Убежище мы отыскали не самое удачное, Сараем не пользовались, по-видимому, уже много лет, стены были изъедены плесенью, и дождь весело пробивался внутрь сквозь ветхую крышу. Воздух казался густым от запаха гнилых водорослей и рыбьих потрохов. И тем не менее это убежище было не лишено поэзии: пустынная местность, неистовство стихии, общество молодой и прекрасной женщины. Через грязное разбитое окно мы наблюдали этот всемирный потоп.
— Мы сидим здесь, как Иона в брюхе у кита, — сказал я и обнял Монику за плечи. — Только он был один, а нас двое.
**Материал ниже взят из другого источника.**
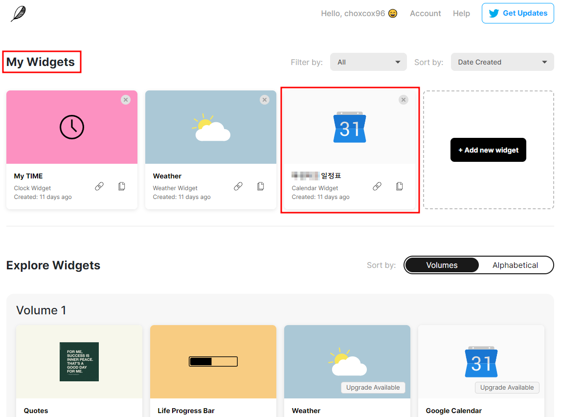 이것저것 해보다가 위젯을 추가할 수 있는 웹사이트를 찾았습니다.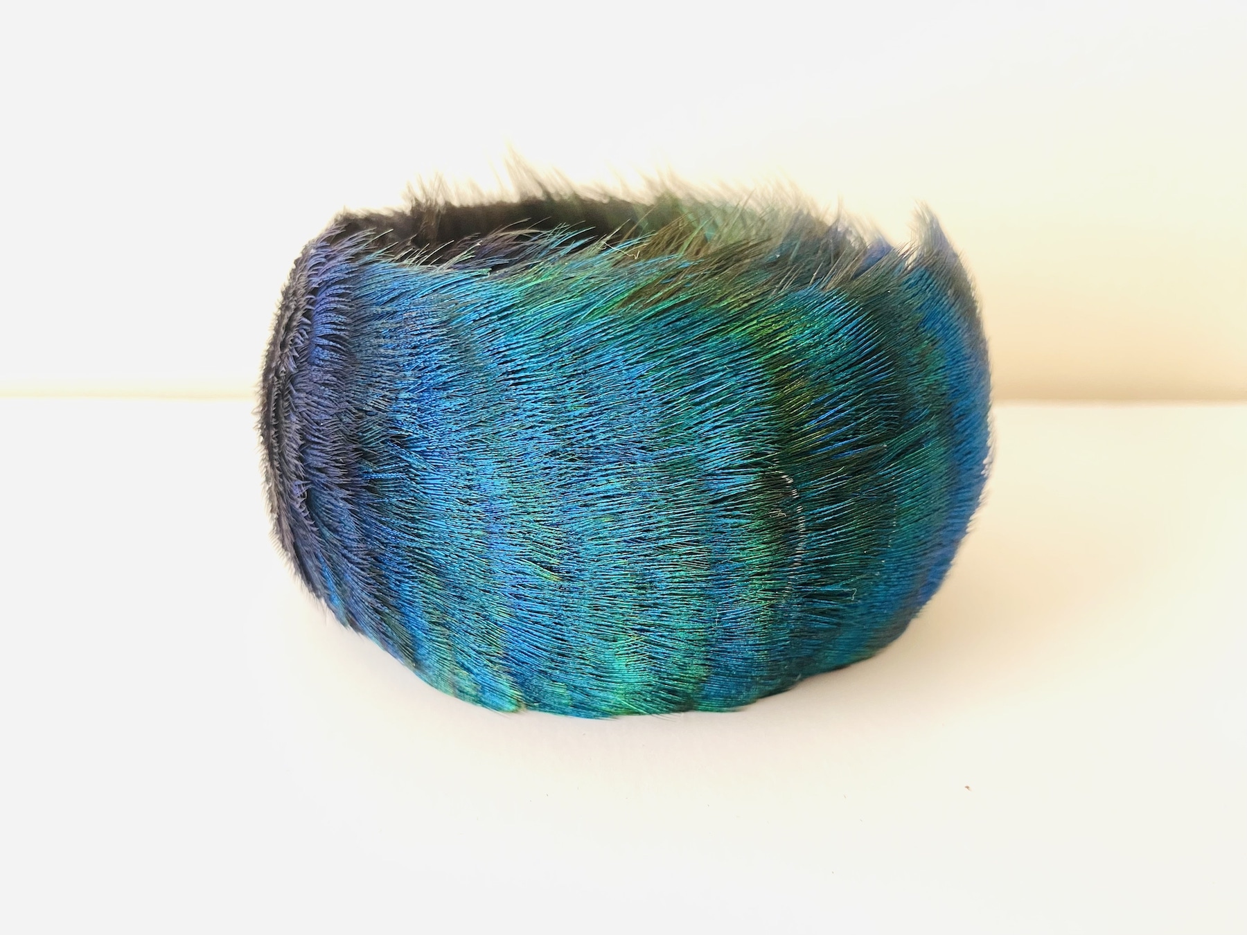 Huang is a master of the laborious technique where each single feather is individually tied to a textile net base. Feathers are sustainably sourced from moltings and other harmless means of gathering. Before Huang even begins creating, the feathers must be carefully washed, cleaned and dried. Feathers from different parts of the bird have different qualities and these subtle variations become the basis for aesthetic decisions.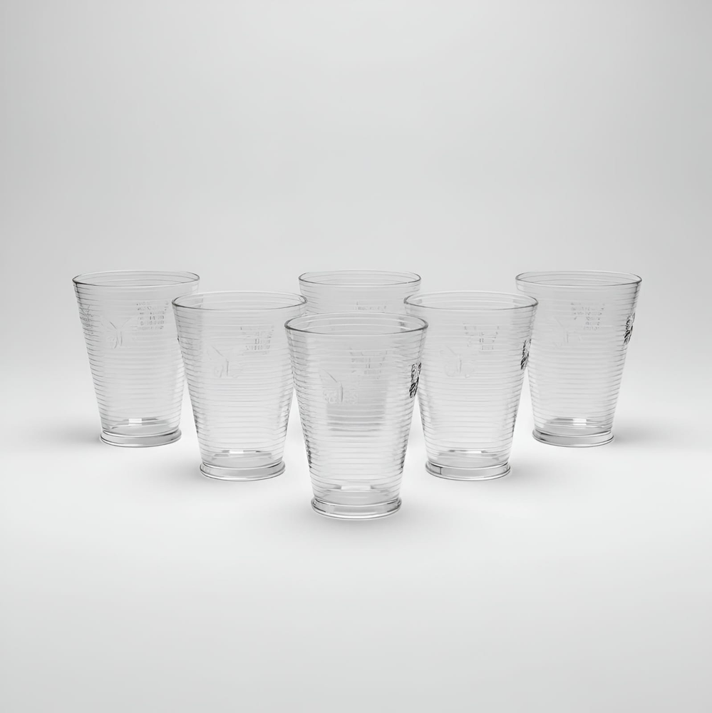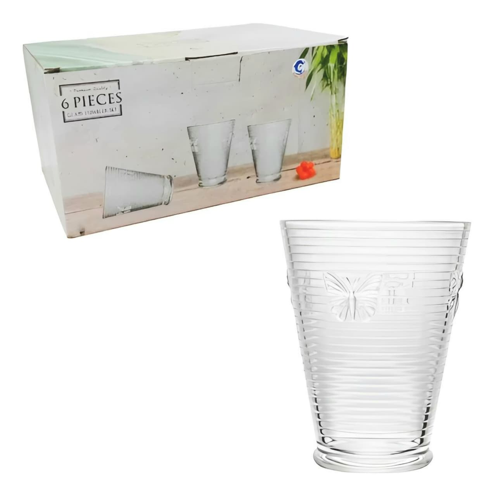 (Set x 6 vasos. Hermoso diseño con mariposas. Ideal para usar en tus eventos importantes).
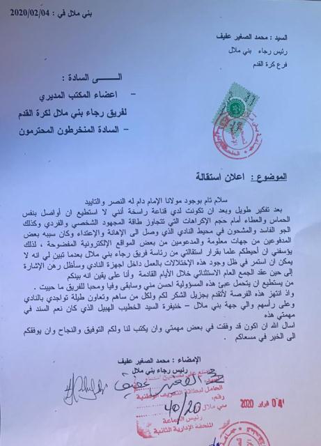 بني ملال 4 فبراير 2020/ومع/قدم رئيس المكتب المديري لنادي رجاء بني ملال محمد عفيف، اليوم الثلاثاء رسميا استقالته من رئاسة النادي بعد سلسلة من النتائج السلبية.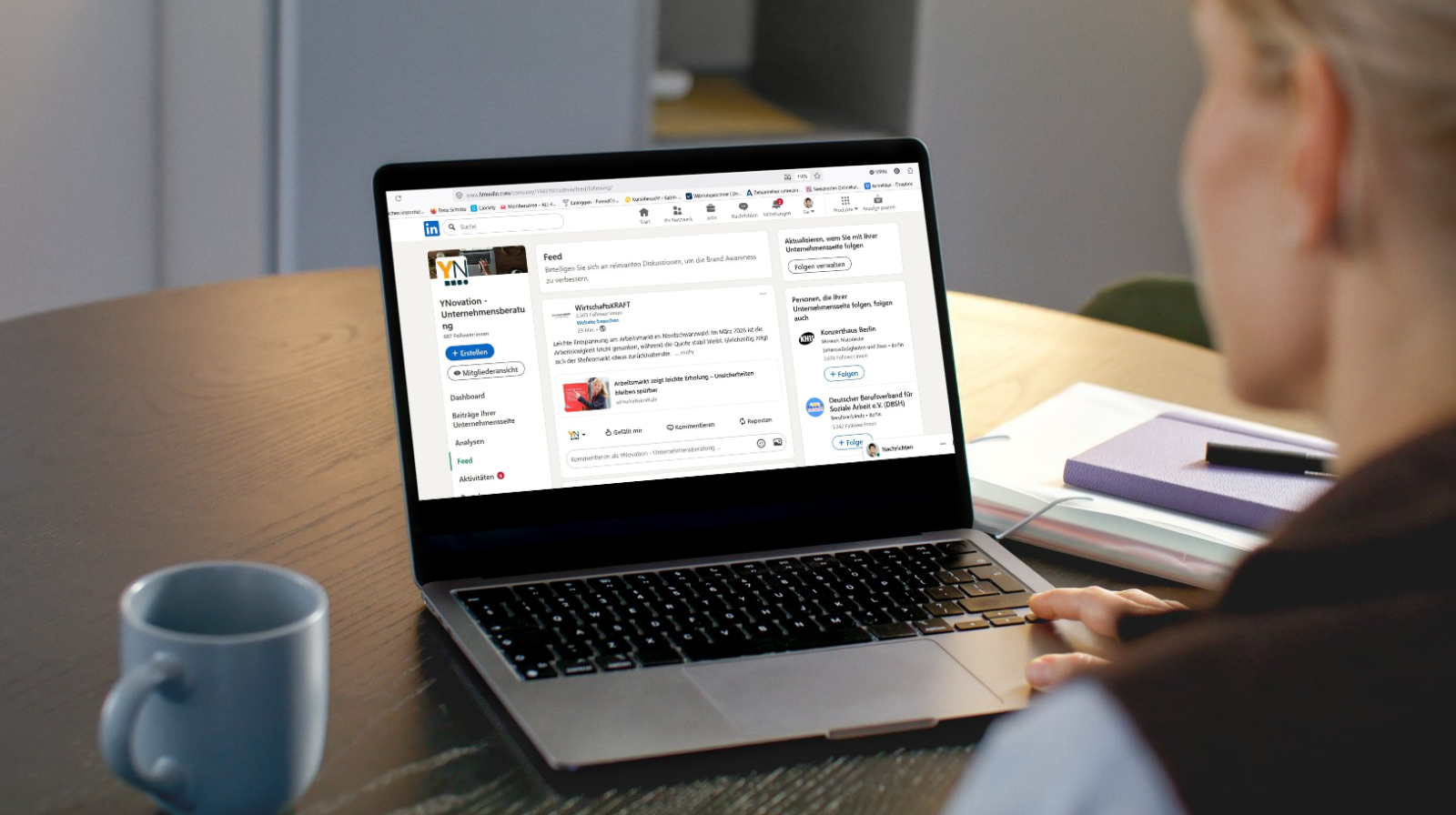 Eine Frau schaut auf einen Laptop. Auf dem Bildschirm ist LinkedIn geöffnet.
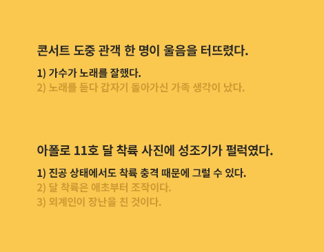 <그림 6>을 보자. 콘서트 도중 한 관객이 울음을 터뜨렸다. 노래는 발라드였고 가수는 그날따라 목 컨디션이 좋았다. 우리가 가질 수 있는 정보는 제한적이다. 내 생각에 노래 가사가 가족을 떠올릴만한 것이었다 해도, 정보가 적을 경우 확실한 쪽으로 판단하는 편이 낫다. 아폴로 11호 달 착륙에 관한 예시도 마찬가지다. 조작이나 외계인은 해석의 여지가 넓다. 이럴 때 오컴의 면도날을 이용해 판단 오류의 가능성을 잘라내야 한다.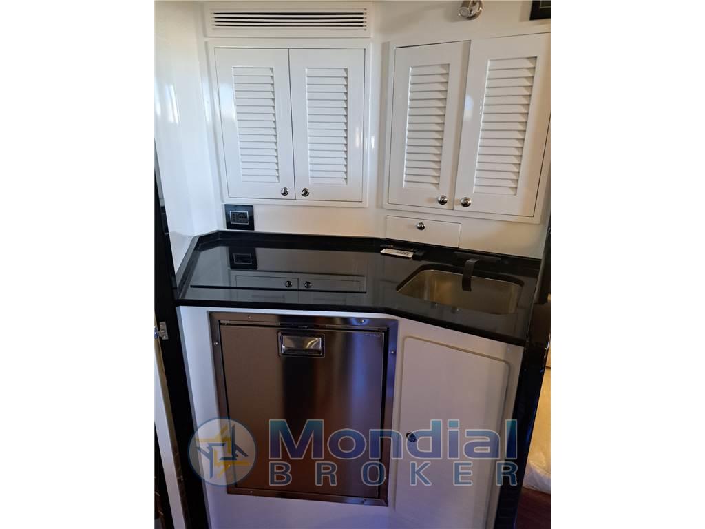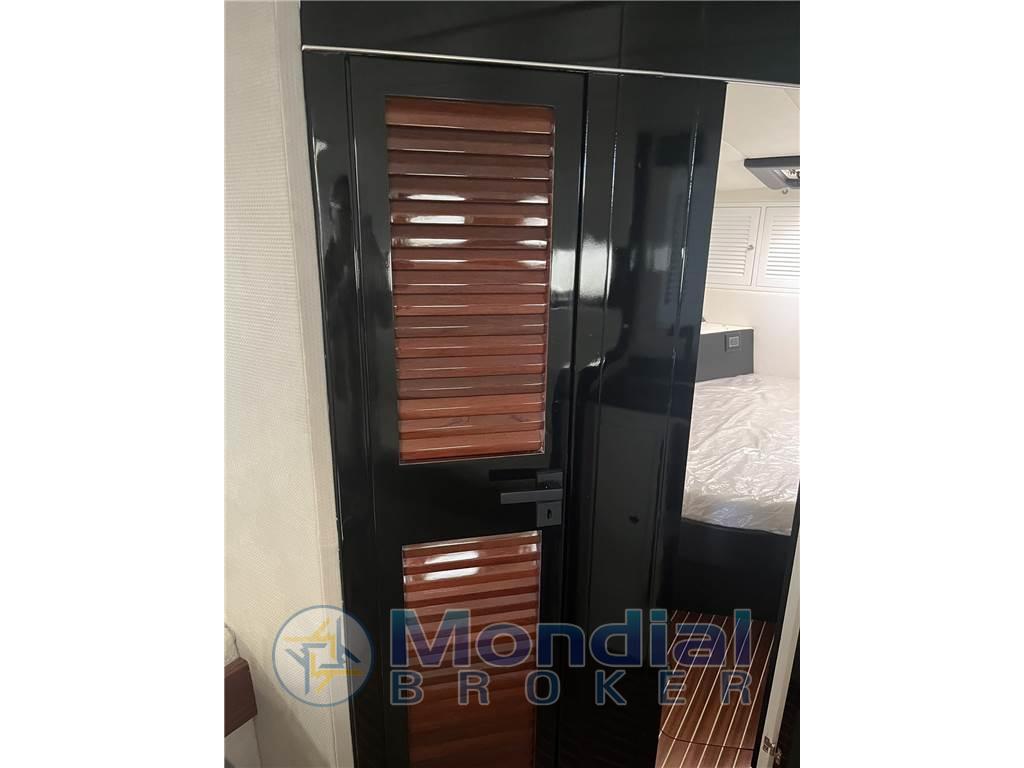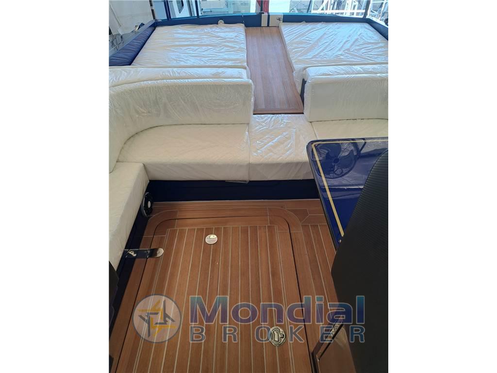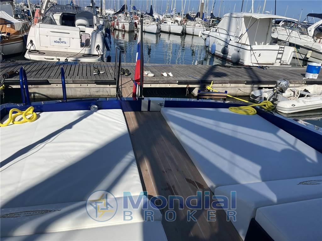 Notas internasGli interni sono stati ripresi apportando leggere modifiche. Questa scelta è stata appositamente lasciata affinché l’acquirente possa valutare di personalizzargli a suo piacimento e con i materiali da lui selezionati. Tecnicamente sono stati rivisti l’impianto elettrico, l’impianto idraulico, il bagno con nuovo wc elettrico, piano lavello e nuovo lavello, angolo cottura con nuovo piano, lavello incassato e nuove piastre a induzione. Notas de la instrumentaciónIl nuovo Magnum 40 è dotato di due monitor Axiom da 19” e di un monitor da 12” posizionati nella ampiaplancia di comando. La realizzazione della nuova oleodinamica ha consentito l’inserimento gli attuatori del pilota automatico Raymarine mod. EV 300 con display posizionato in plancia, insieme ad un VHF fisso Ray 90, con AIS ed un Eco-Log B 60. Tutta le utenze della barca sono comandate dalla centralina domotica Raymarine Yacht Sense link, nel caso di malfunzionamento il funzionamento di ogni utenza è garantito dai classici interruttori magnetotermici. A questa centralina è collegato un sistema di comunicazione che consente di gestire tutte le utenze di bordo dal proprio cellulare Strumentazione Raymarine: - nr. 2 monitor Axiom 19 “ - nr. 1 monitor Axion 12 “ - VHF fisso Ray 90 - Pilota automatico mod. EV 300 con display - Raymarine Yacht Sense link domotica - 1 x Eco-Log B 60 - AIS Notas de armamentoFrigo esterno inox a cassettoBoiler acqua calda 70 lt Bowthruster elettrico ..Kw Cuscineria completa esterna customizzata Tendalino sole tipo vela con nr. 4 pali in carbonio diametro 60mm e alloggi in acciaio inox Doccia esterna calda e fredda Tavolo pozzetto Pozzetto in teak Plancetta di poppa con scaletta retrattile Tappezzeria nuova Nuova linea ormeggio ancora e catena |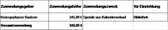 Der Gemeinderat Königswartha stimmt der Annahme von Zuwendungen nach § 73 Abs. 5 SächsGemO gemäß folgender Übersicht zu: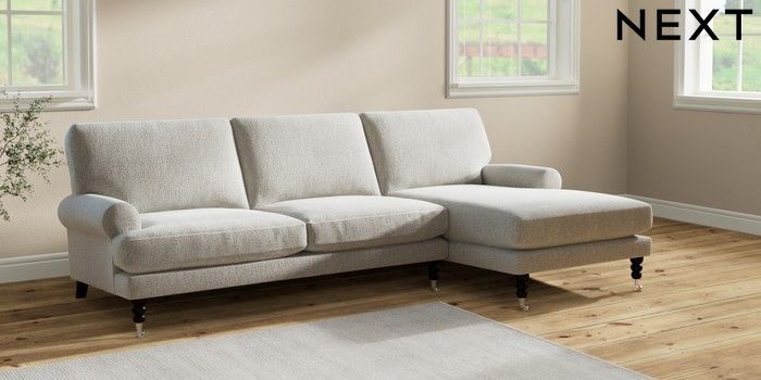 7.2.10 Erin Deep Relaxed Sit Medium Sofa Chaise - Right Hand Multi Weave Light Blue High Classic Turned Chrome Castor - Dark | Made Click here to use our website with more accessibility support, for example screen readers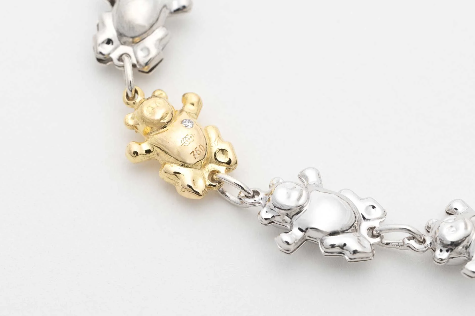 We wanted to remember what was broken, and celebrate its subsequent repair. To replace the damaged link in a manner faithful to the original, a rubber mould of the teddy bear was made. But instead of casting it in the original 925 Silver, the new one is in 18K Yellow Gold. The clear difference in colour and material alludes to the story that lies behind this piece. Gold emphasises the preciousness of this bracelet, while the diamond set at the heart of the bear symbolises what is truly important.
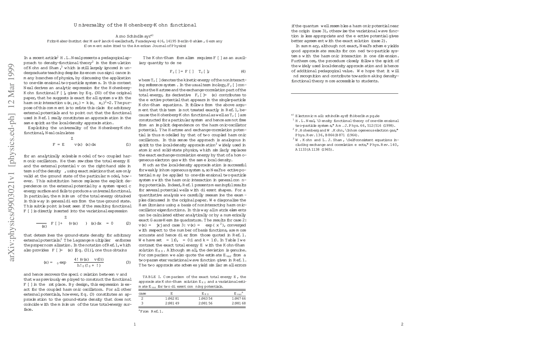 We comment on a recent article by H. L. Neal [Am. J. Phys. 66, 512 (1998)], in which an analytic expression for the Hohenberg-Kohn functional was derived for one-dimensional two-particle systems with the harmonic interaction. We argue that the functional given by Neal is not exact but really constitutes an approximation in the same spirit as the local-density approximation.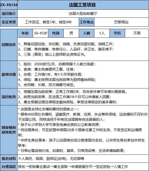 具备后厨经验,会切配、油锅,负责后厨切配、油锅工作;税后:2000欧元/月,后期根据个人能力涨薪.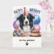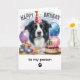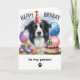 This birthday card features a charming Border Collie dog with a birthday cake and balloons, making it a festive celebration. Include a special message inside, all from the dog! Perfect for any Border Collie lover. "AI-generated artwork with design direction by Susang6"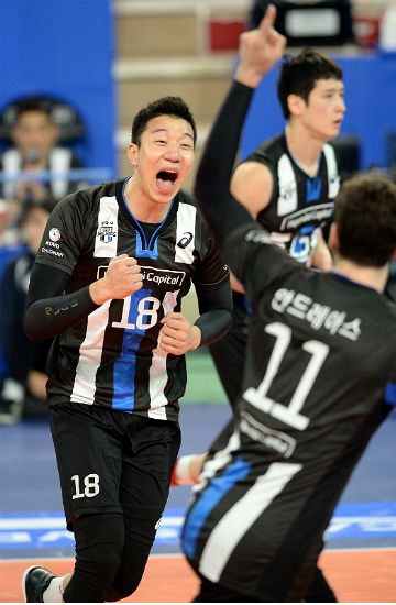 현대캐피탈은 '토종 에이스' 주장 문성민이 팀 내 최고인 20득점으로 공격을 주도했다. 까다로운 공도 득점으로 연결하는 해결사 능력은 여전했다. 블로킹 3개와 서브 에이스 1개도 곁들였다. 외국인 선수 안드레아스는 13득점으로 힘을 보탰다.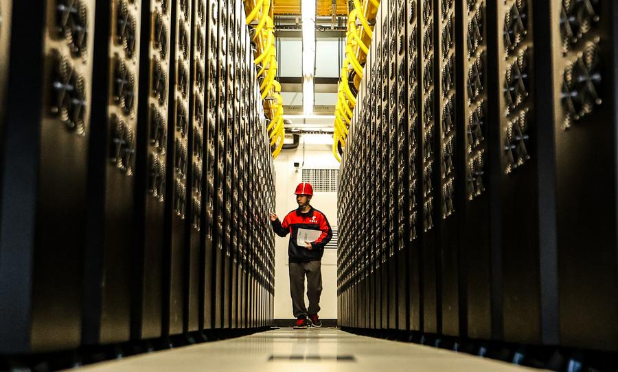 A staff member works in the data room of a supercomputing center in Gui'an New Area, southwest China's Guizhou Province, Aug. 29, 2024. (Xinhua/Liu Xu)
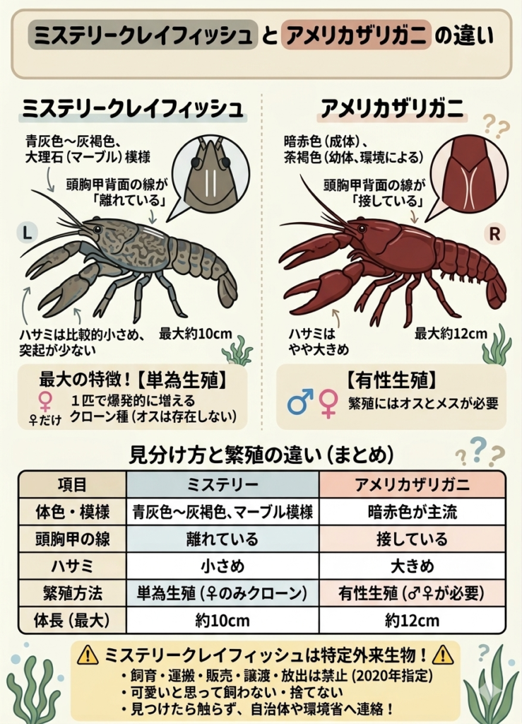 ミステリークレイフィッシュとアメリカザリガニの違いについて解説します。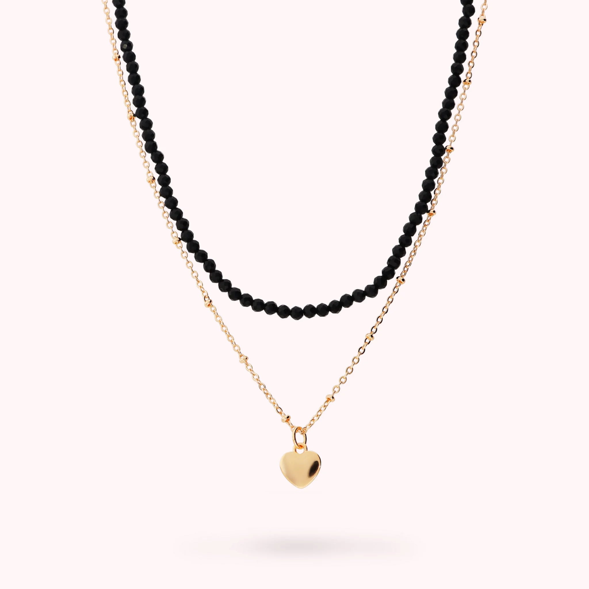 Un doppio filo di luce e colore: pietre naturali sfaccettate che avvolgono il collo con delicatezza, mentre un cuore lucido scivola lungo la maglia creando un equilibrio romantico e leggero.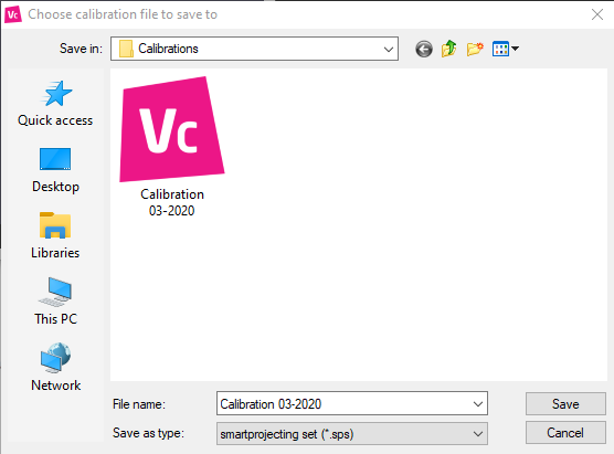 Saving takes a noticeable amount of time and requires a lot of disk space. Do not interrupt the saving procedure, even if it takes minutes (depending on the resolution of projectors and camera) and make sure that there is sufficient space on the disk or drive.

Существенная разница, правда?
Моника смотрела куда-то вдаль. Волосы у нее прилипли к щекам, влажная кожа подчеркивала высокие скулы. Она была похожа на дикарку, на первобытную женщину, которая смотрит на огонь, разведенный посреди пещеры. Вдруг она порывисто прижалась ко мне.
— Мне страшно, Пауль.
— Что с тобой?
— За последние дни столько всего случилось. Воздух здесь как будто отравлен. И особенно я боюсь за Арне. Он стал такой… неузнаваемый… Кажется, ему и в самом деле угрожает опасность.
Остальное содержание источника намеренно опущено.